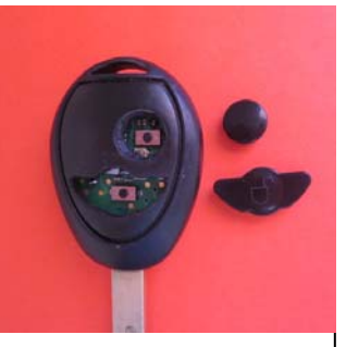
7. Push new buttons in. NO glueing needed.
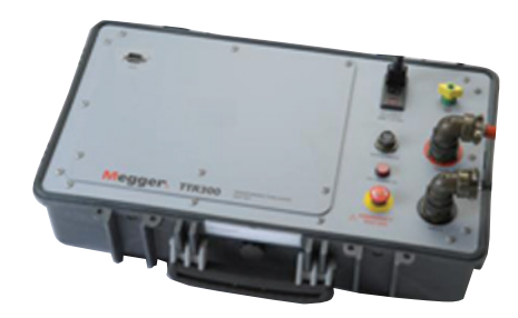
TTR300 — remote controlled "black box" unit

The TTR330A offers the same functionality as the TTR300 and TTR310E. The TTR330A is equipped with an industrial grade, 12-in. touch controller. The display is designed to operate in direct sunlight
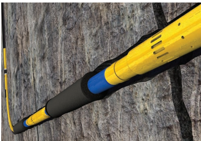
Fig. 1—RE packers and frac sleeves used in a cementless multistage completion design.

With new, noncement isolation methods, it is possible to achieve uniform flow in highly productive wells, perform multiple fracture treatments in carbonate and shale reservoirs, and employ inflow control devices (ICDs) to manage flow without well intervention. All of these capabilities extend a well's productive life and profitability.

==========

— Description of the task —
Every entry above should be returned exactly, with no images included.

— Result for this exercise —
7. Push new buttons in. NO glueing needed.
TTR300 — remote controlled "black box" unit

The TTR330A offers the same functionality as the TTR300 and TTR310E. The TTR330A is equipped with an industrial grade, 12-in. touch controller. The display is designed to operate in direct sunlight
Fig. 1—RE packers and frac sleeves used in a cementless multistage completion design.

With new, noncement isolation methods, it is possible to achieve uniform flow in highly productive wells, perform multiple fracture treatments in carbonate and shale reservoirs, and employ inflow control devices (ICDs) to manage flow without well intervention. All of these capabilities extend a well's productive life and profitability.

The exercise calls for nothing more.